I think there are several things here that, while vaguely related, should be treated separately:
1. A genuine and (relatively) objectively justified need for a new code base that will make progress/maintenance easier.
2. A change that favours new paradigms that will be liked by a "newer generation" and disliked by others who have
a working paradigm they don't want to give up.
3. A change for change's sake which no one asked for, usually just of an aesthetic or trendy nature.

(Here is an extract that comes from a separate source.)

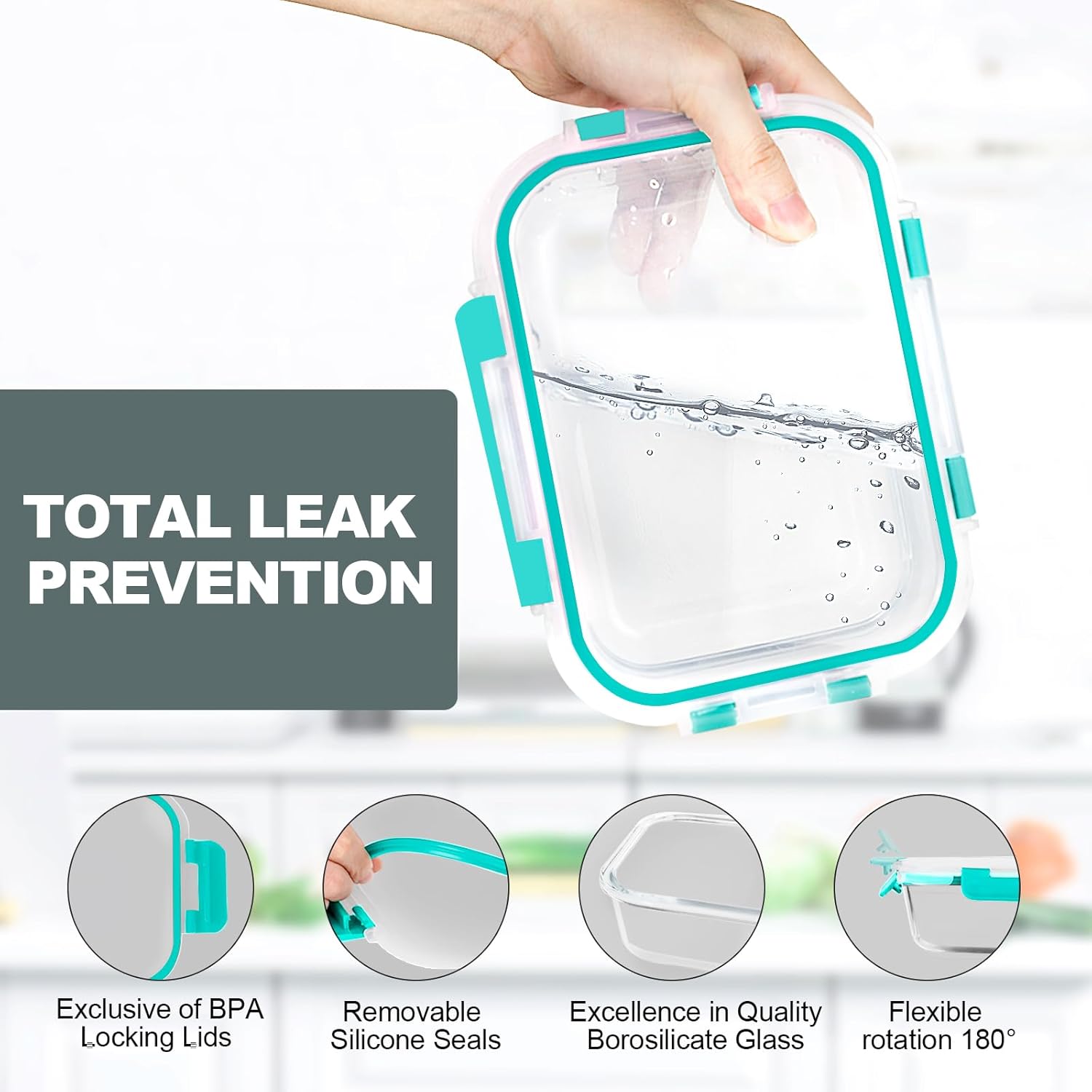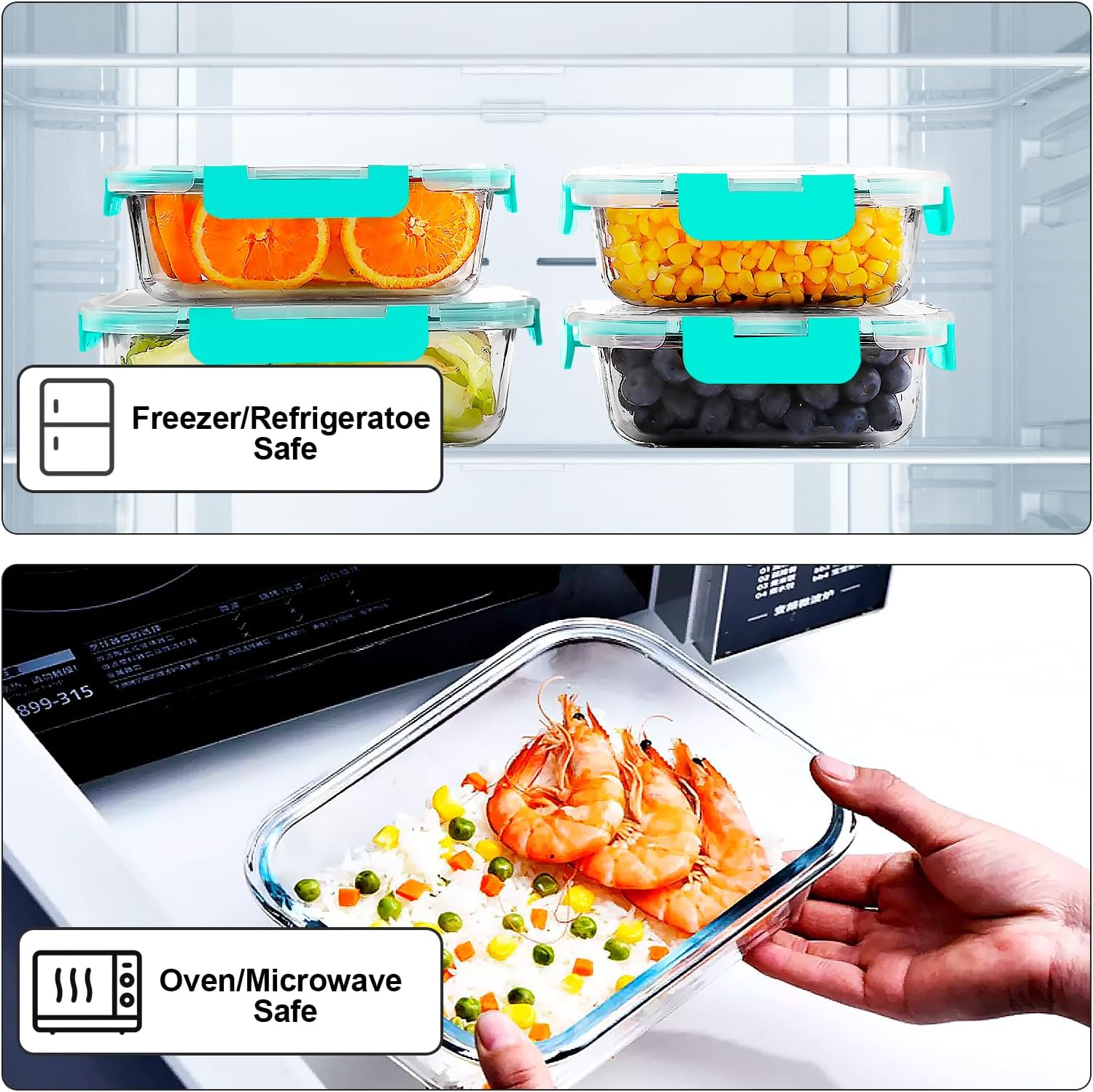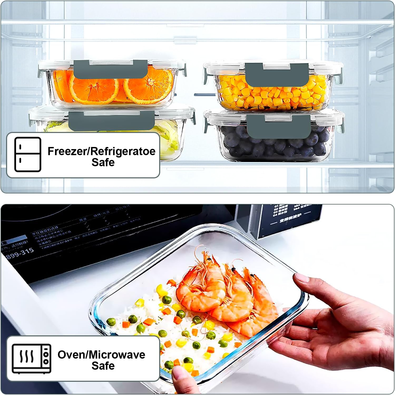 • VERONES 10 Pack Glass Meal Prep Containers, Airtight Glass Lunch Containers, Stackable Glass Food Storage Containers Set with Lids,Exclusive of BPA,for Microwave, Oven, Freezer & Dishwasher,Grey

I think that in FOSS we mostly discuss the really large projects and they will have individual components which will
adhere to all of these categories. Hence I don't like the example of a massive conversion such as KDE4 to 5 as a
justification for a futile change. While that may be true in some cases, it's also great to see
-the better support for Wayland and more recent Xorg hacks which make the DE depend less on deprecated and unmaintained
technology
-the split and reduction of KDE backend functionality to individual pieces, so that we don't have to pull in
a myriad of dependencies just to run a programme on another DE
(and thinking of how I don't like what GTK3 is becoming, I'm looking forward to a time when running LxQt
with individual KDE programmes will be the lean option
)
Same goes for the KDE3 to 4 conversion. Most people criticise the whole endeavour, but actually just mean the
UX/UI changes, the borked file search or Kmail, but this massive conversion surely had a lot of good benefits, like
a more modern desktop with better theming capabilities and font display.
I guess it boils down to what target group one belongs to, but in our pain over the loss/lack of support of something
we find to be a great computing experience, we tend to project the frustration onto the entire very complex phenomenon.